What I Ate: Munich and Bonn
I had a terrible time finding restaurants on this trip. But unless I’m feeling frisky for meat-centered meals (unlikely), I usually target vegetarian restaurants in many European countries.
Spinach sorrel crepes. Prinz Myshkin, Munich. RL Fifield 2012.
Viewing shopfronts on a walk down the street, one would think Germans eat nothing but pastry, coffee, and beer. The Christmas Market in Bonn was swinging with vendors of sausage and baked goods. My little hotel was in a residential neighborhood (always interesting to get out of tourist districts) but there were few restaurants nearby.
Breakfast in Bonn at Hotel Jacobs. Fruit, granola, yogurt, about 15 kinds of jam and 50 kinds of lunchmeat, smoked salmon, cheese, etc. RL Fifield, 2012.
The hotel desk directed me to an intersection in neighborhood roads about .25 mile away, where among houses stood German, Spanish, and Italian restaurants. A lot of German places close between lunch and dinner, not opening before 6pm, which was wearying to this jet-lagged traveler who had to get up at 3am the next morning. I chose the Spanish restaurant and got gritty croquetas, 5 rings of calamari, and a salt lick masquerading as a tortilla with spinach. Whoops. I don’t like to spend my money on things when I travel, but on experiences. I flunked this one.
Sad Spanish supper in Bonn, at a place that will remain nameless, but oddly, almost all the tables were reserved on a Thursday night. RL Fifield, 2012.

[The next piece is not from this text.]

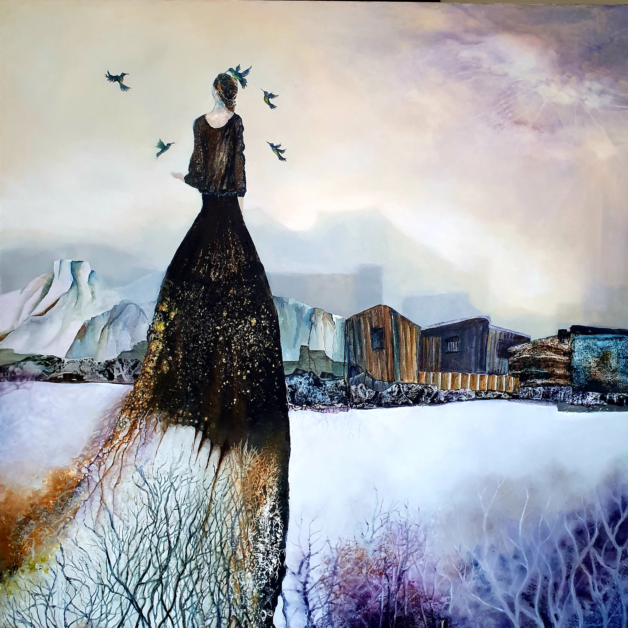 Landschap Oker Geel Groen Mosgroen Vogels Paars Vrouw Kleurrijk Figuur Sprookje Fantasie

I don’t usually eat pastry, but seeing it everywhere in Germany, I was worn down by all the delicious smells. In New England, there is a Dunkin Donuts every 3 miles. In Germany, there seems to be a bakery every 30 feet (or whatever in meters). Mind over matter. If you don’t mind, it doesn’t matter. And now for some fun in the Rewe grocery store:
I love going to the grocery store and seeing the Ja! brand. It might as well be called the LOL brand. I did not eat this. RL Fifield, 2012.